油断してたんだろうな。呆気に取られて、少し目元を赤く染めたあの顔が忘れられない。
本当、可愛いよ。
可愛くて、誰よりも綺麗で凛として。
そんなリカを知る度にどんどん好きになっていって、自分だけのものにしたいって気持ちが溢れちゃいそうなんだよ。
(でも、リカはきっと…)
きっとリカは気付いてないんだろうな。
隙がなさそうに見えて案外抜けてるところがあるあの子は、俺がどんな目でリカを見てるのか全然分かってない。
この気持ちを自覚した時から俺はリカをそう言う目で見てるし、出来ることなら自分のものにしたいっていつも考えてんだよ。
そんな男の前であんな顔するなんて…、無防備にも程がある。
ここが外で良かった。
だってもしここが密室で2人っきりとかだったら絶対手握るくらいじゃ済まなかったもん。我慢してるんだよ、こう見えても。

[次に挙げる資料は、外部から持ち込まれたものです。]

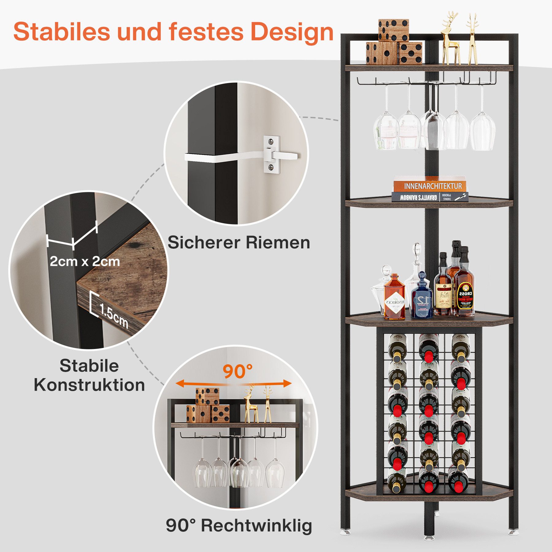 Platzsparend und stylisch! Dieses 5-stöckige Eck-Weinregal in Vintage-Braun mit schwarzem Metallrahmen ist perfekt für Weinkenner. Mit 42x42x172cm bietet es Platz für bis zu 12 Weinflaschen (bis 9,4cm Durchmesser) und hat zusätzlich 6-8 Glashalter. Die offenen Fächer eignen sich auch für Weinkühler, Bücher oder Deko. Verstellbare Füße sorgen für Stabilität auf unebenen Böden, Anti-Kipp-Beschläge garantieren Sicherheit. Ideal für Wohnzimmer, Küche, Bar oder Restaurant - mach deine Weinsammlung zum Hingucker!

でもリカのことが好きって気持ちと同じくらい嫌われたくないって思ってるから無理矢理踏み込むことはしたくないし、リカにとっての俺が親友ポジションだってこともちゃんと分かってる。
だから、正直吃驚した。
あんな可愛い顔を俺に見せてくれたことが、嬉しくて堪らない。
ねぇ、リカ。
俺ね、リカが本当は誰のことを想ってるのか、分かってるんだよ。
分かってるけど、だからってリカを諦める気は全然なくて、隙あらば邪魔してやろうとか俺のこともっと意識してもらおうとかそんなことばっか考えてる。
……ダサいよね、俺。
バカみたいに必死過ぎて、カッコ悪いところしか見せてない。
それでも俺はリカのことが好きで、どうすればリカの気持ちが俺に向くのかそれしか考えられないんだ。
親友失格…?
ふはっ。
笑っちゃうよね。
例えそのポジションを失ったとしても、それでもリカのことが欲しいなんてさ。
「―――あれ、未空くん?」
その声にピタッと足を止めて振り返る。
こんなところで名前を呼ばれると思っていなかったから一瞬驚いたけど、よく考えたらその声には聞き覚えがあった。
「……アオ?それと、モリモリだっけ?」
振り返ると、そこにはアオと前に一度だけ会ったことがある杜山くんがいた。
アオは俺を見つけた途端「やっぱり未空くんだった!」と顔を綻ばせて近寄って来たけど、反対に杜山くんの方は嫌そうに顔を歪めていた。
何その顔、おもろ。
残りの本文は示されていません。